My advice would be not to concern yourself with labels right now. Yes, they can make such a complex and confusing thing as sexuality seem less overwhelming, but it's so complicated that sometimes it's best just to become more familiar with what you're attracted to and figure out what you identify as later.

For example, I'm almost 21 and it's taken me about 7 years or so to understand where I would be placed on the sexuality spectrum. I experience sexual attraction to both men and women, however I am only romantically attracted to my own sex (female) and my attraction to women is very strong while I've only been interested in two guys over the course of my entire life.

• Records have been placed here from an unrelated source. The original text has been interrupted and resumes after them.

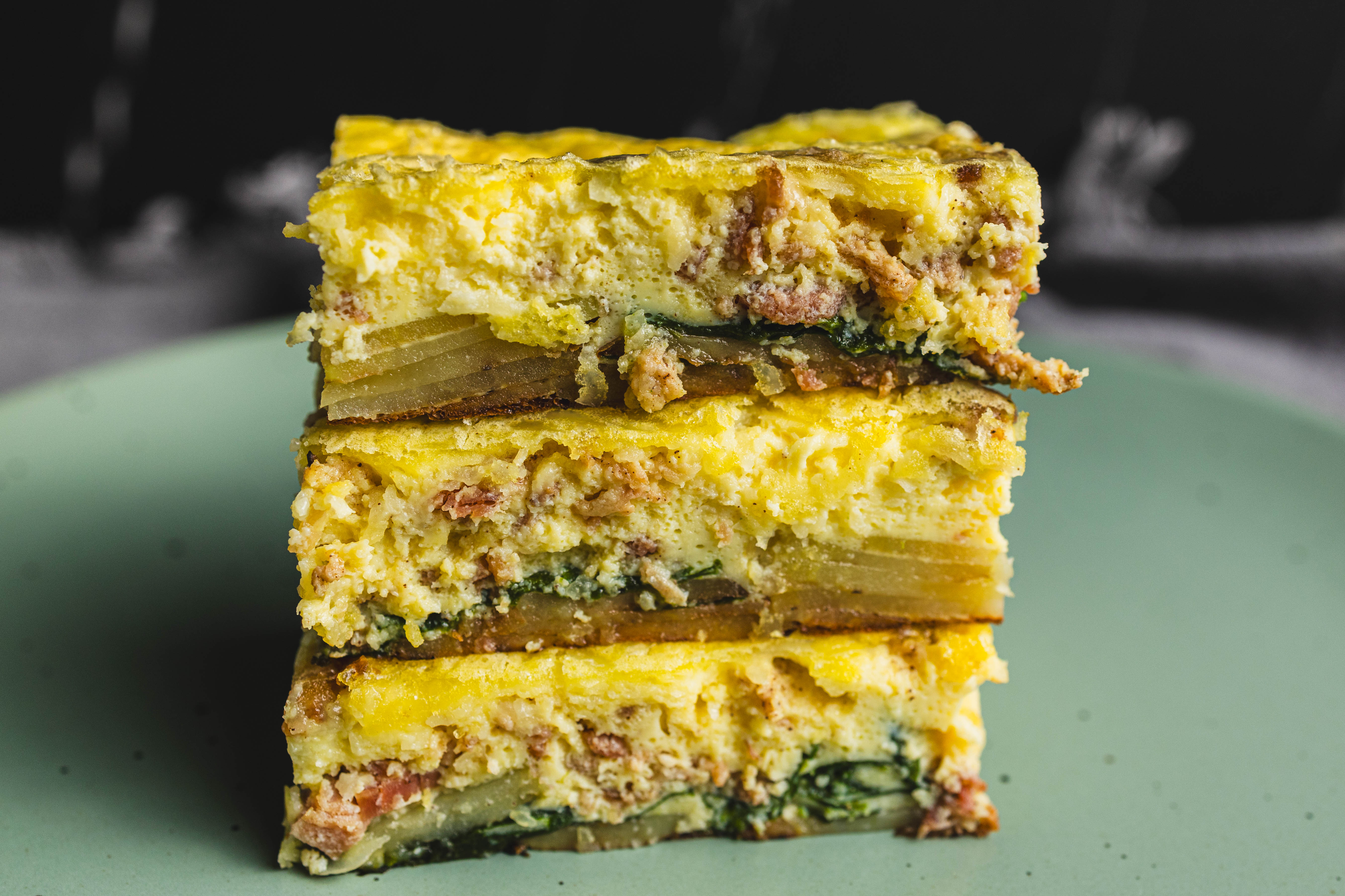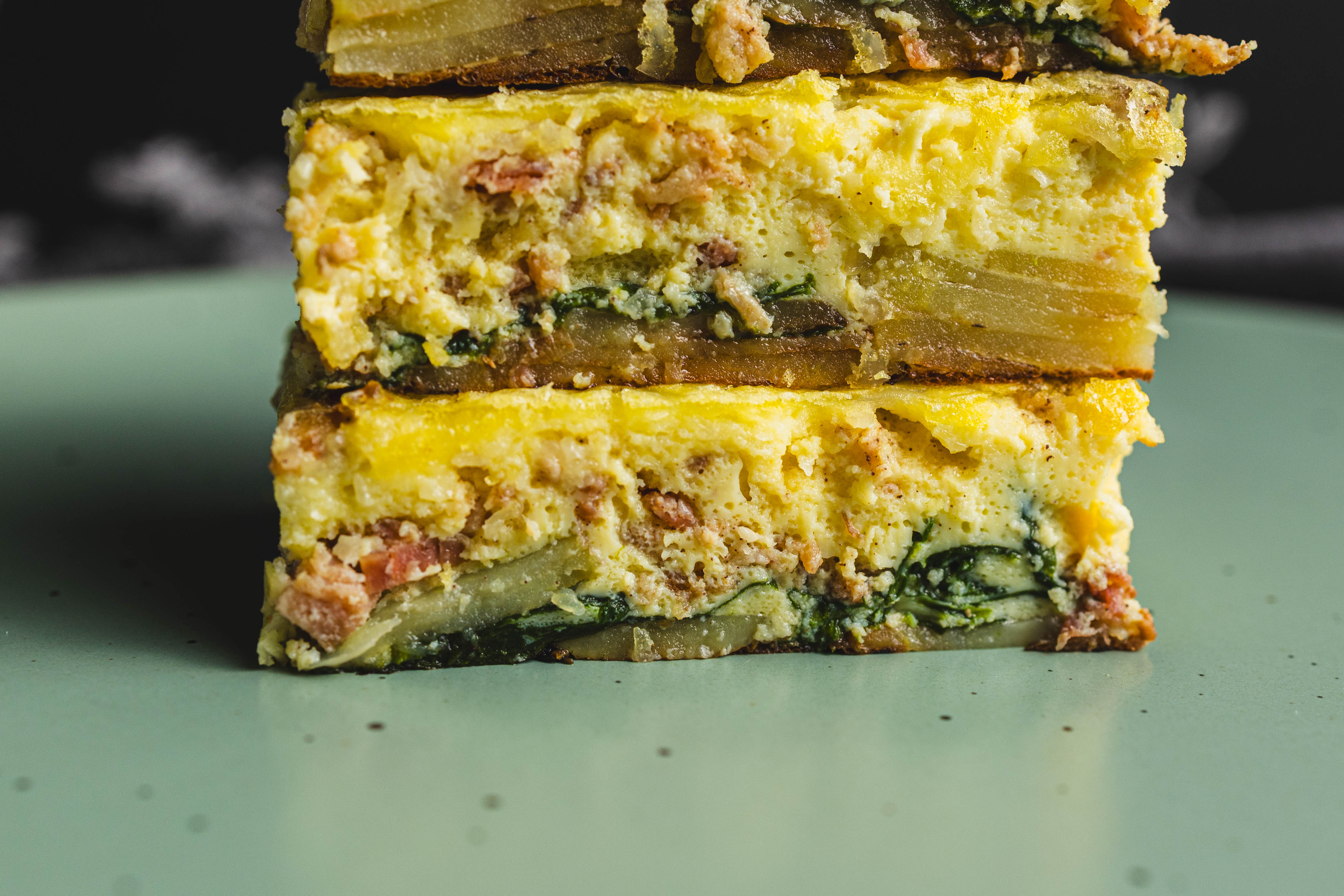 What makes the Famous Frittata such a star is that it has everything you could want for breakfast nestled into its fluffy, creamy egg bed. Slices of tender potato? Yep. Succulent, crispy bacon? Absolutely. Garden fresh spinach. Check. Buttery fontina cheese. You got it! Famous Frittata is going to rise to superstardom in your kitchen!
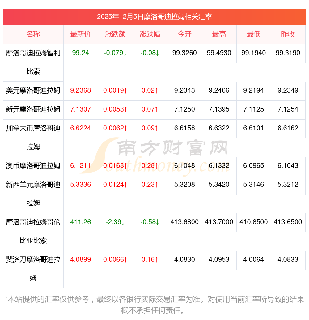貨幣兌換匯率 | 4萬摩洛哥迪拉姆轉(zhuǎn)換挪朗匯率計算表? 2025年12月5日
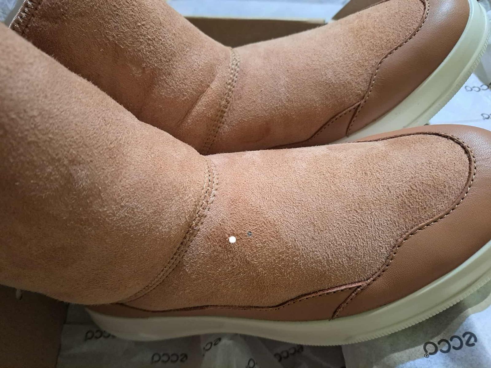 Krásne nové semišové čižmičky značky Ecco.kvalitne,lahulinke, kožušinka vo vnútri,teplučke.na foto vid malinká bodka ...nie tá biela...to je len ukážka,že kde....ani ju nie je poriadne vidieť,ale upozorňujem.PC 169€
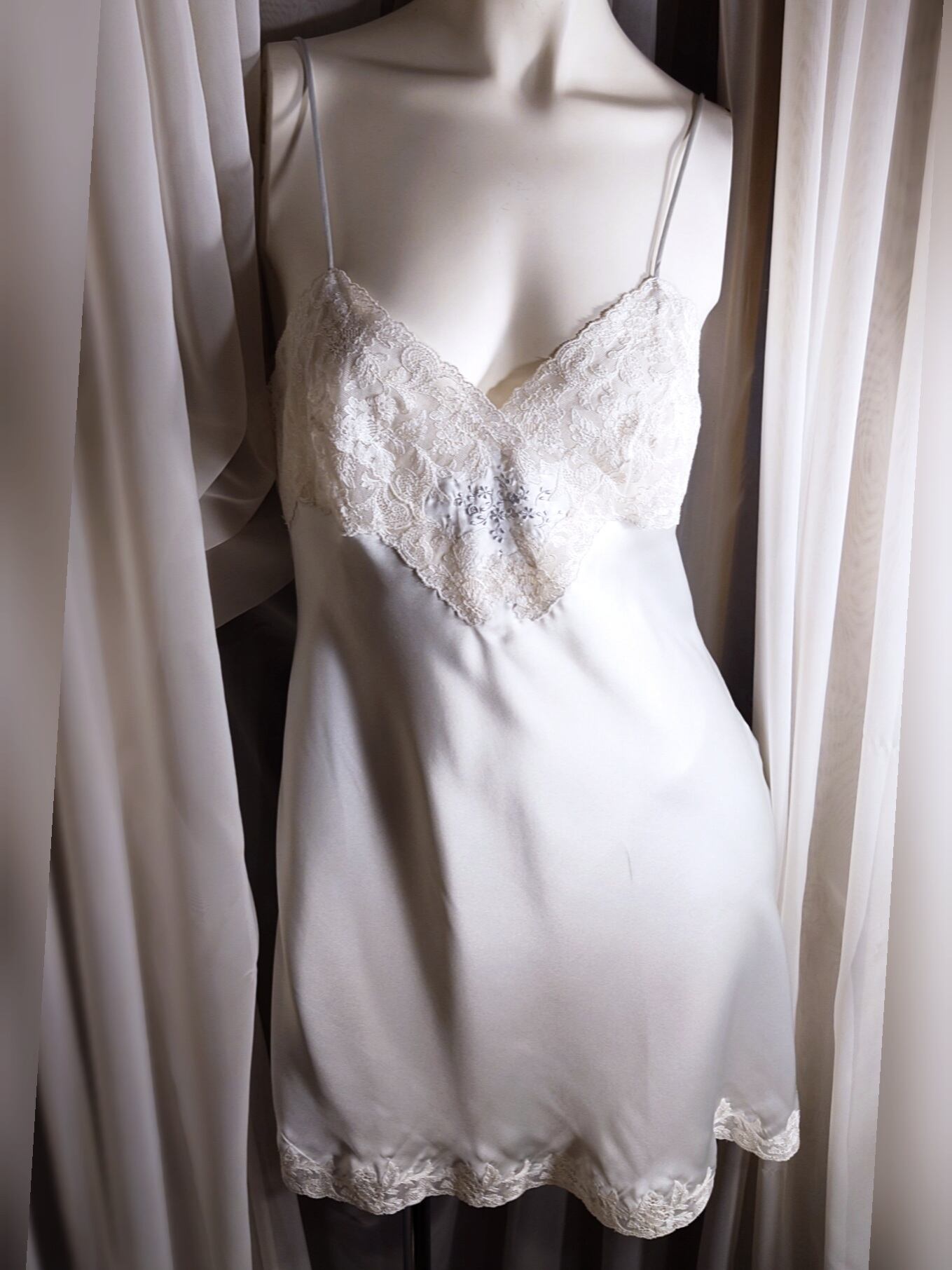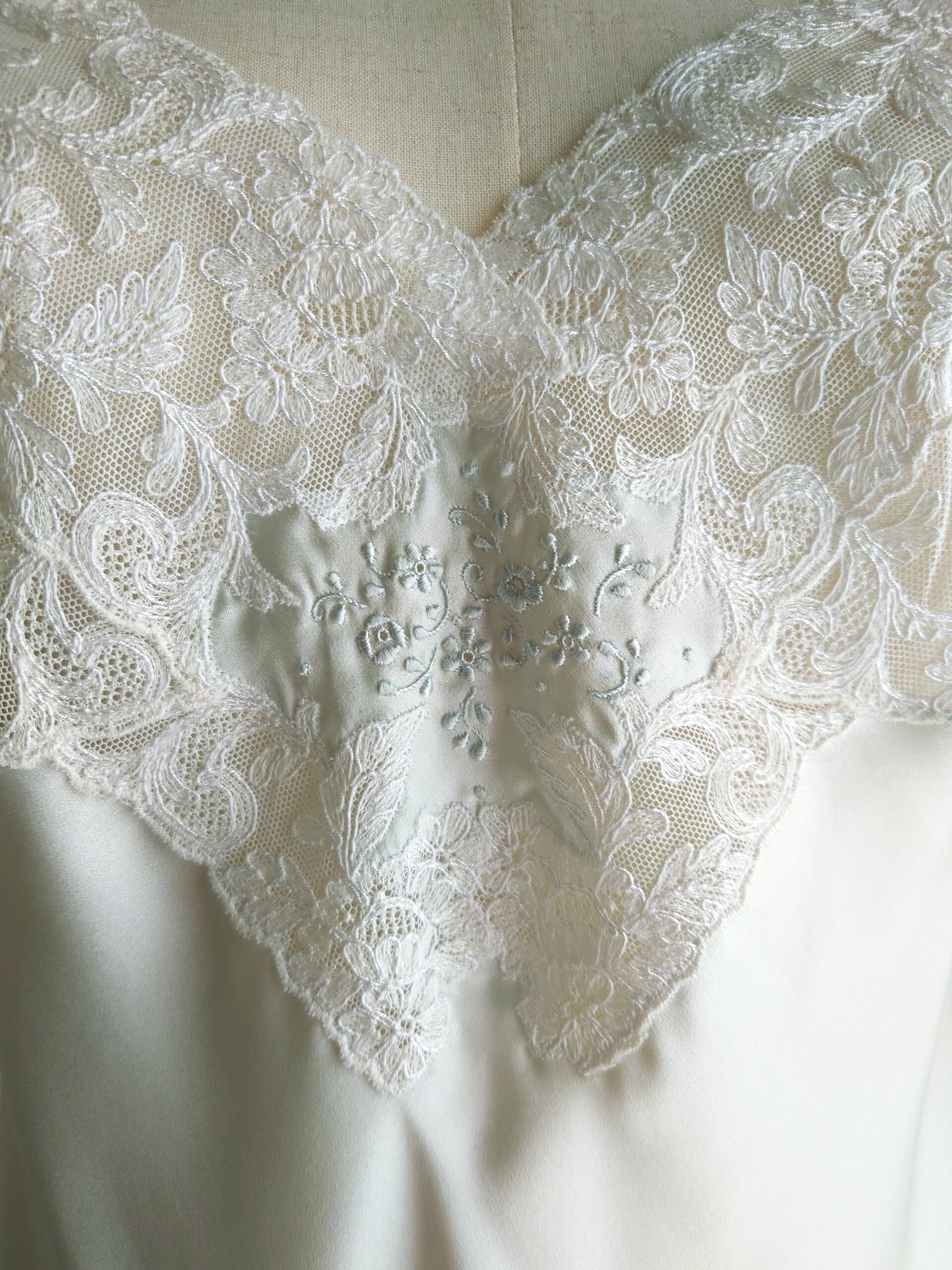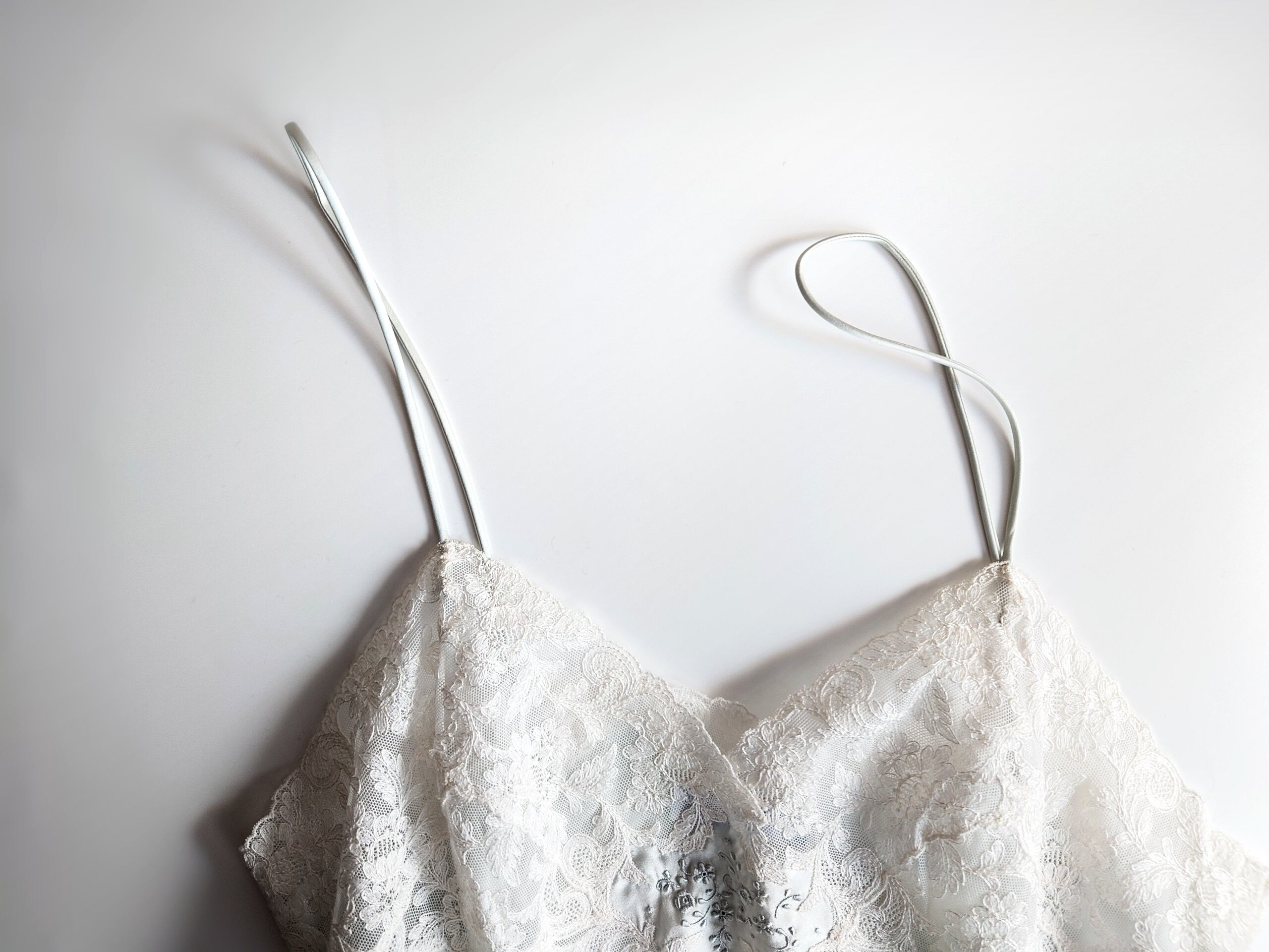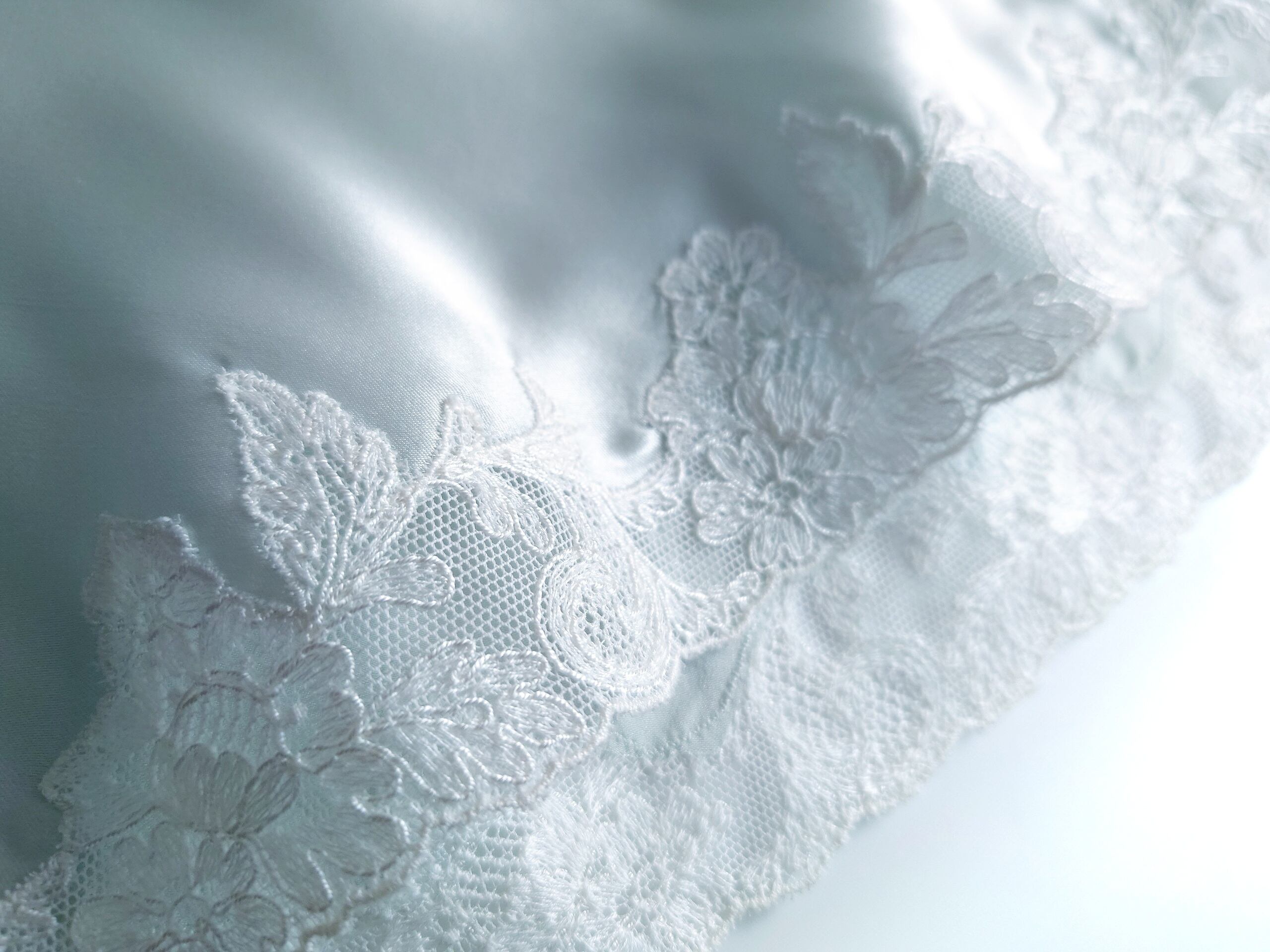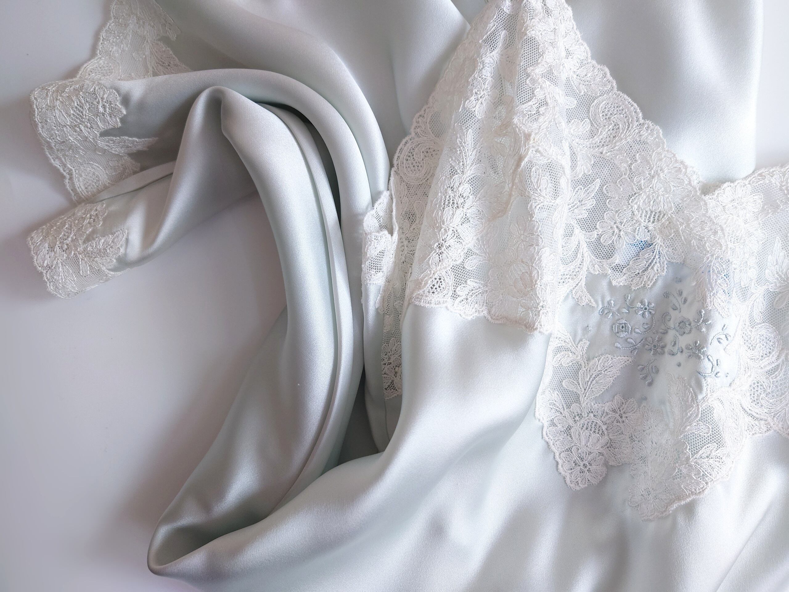 胸元にはフィレンツェの手刺繍をほどこして、スイス・サンガーレンのエンブロイダリーレースやフランス・カレのリバーレースをふんだんにあしらった贅沢なスリップです。

Due to my own morals, I don't become intimately involved with anyone that I am not both physically and romantically interested in and I only see myself ever being in a relationship with a woman. So, because the romantic connection with a man isn't something that I feel, I don't even ever see myself sleeping with a man. For me, the question often was "Well, should I label myself as a lesbian because I will only ever be in relationships with women and I won't sleep with men?"

Some would answer yes to that question, yet I still identify as a homo-romantic bisexual who is more of a "gray-sexual" when it comes to the opposite sex, and I identify this way because I'm comfortable with it and I think it best describes how I feel.

Anyway, my point is that you may not fit the specifics of one particular label, so just focus on what you're feeling rather than what you are on the sexuality spectrum. Things are bound to get complicated.